## EXERCISE REQUIREMENTS
Among the lines of the data below, count those that hold the word "calitate". Answer with the number alone.

## EXCERPTED RECORDS

:::

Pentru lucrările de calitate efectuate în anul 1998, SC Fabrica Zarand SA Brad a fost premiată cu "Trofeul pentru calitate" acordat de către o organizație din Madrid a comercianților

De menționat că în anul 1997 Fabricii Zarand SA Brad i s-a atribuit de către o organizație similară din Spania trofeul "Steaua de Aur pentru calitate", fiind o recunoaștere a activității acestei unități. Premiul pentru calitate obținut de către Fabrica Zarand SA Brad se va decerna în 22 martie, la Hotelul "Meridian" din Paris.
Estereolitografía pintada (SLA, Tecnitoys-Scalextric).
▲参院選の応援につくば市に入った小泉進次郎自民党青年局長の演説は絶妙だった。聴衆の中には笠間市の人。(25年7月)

:::

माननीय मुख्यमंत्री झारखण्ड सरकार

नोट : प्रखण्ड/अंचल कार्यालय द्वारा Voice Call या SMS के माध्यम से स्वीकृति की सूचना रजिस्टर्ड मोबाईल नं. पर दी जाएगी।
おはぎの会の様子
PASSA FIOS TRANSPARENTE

:::

## RESPONSE
2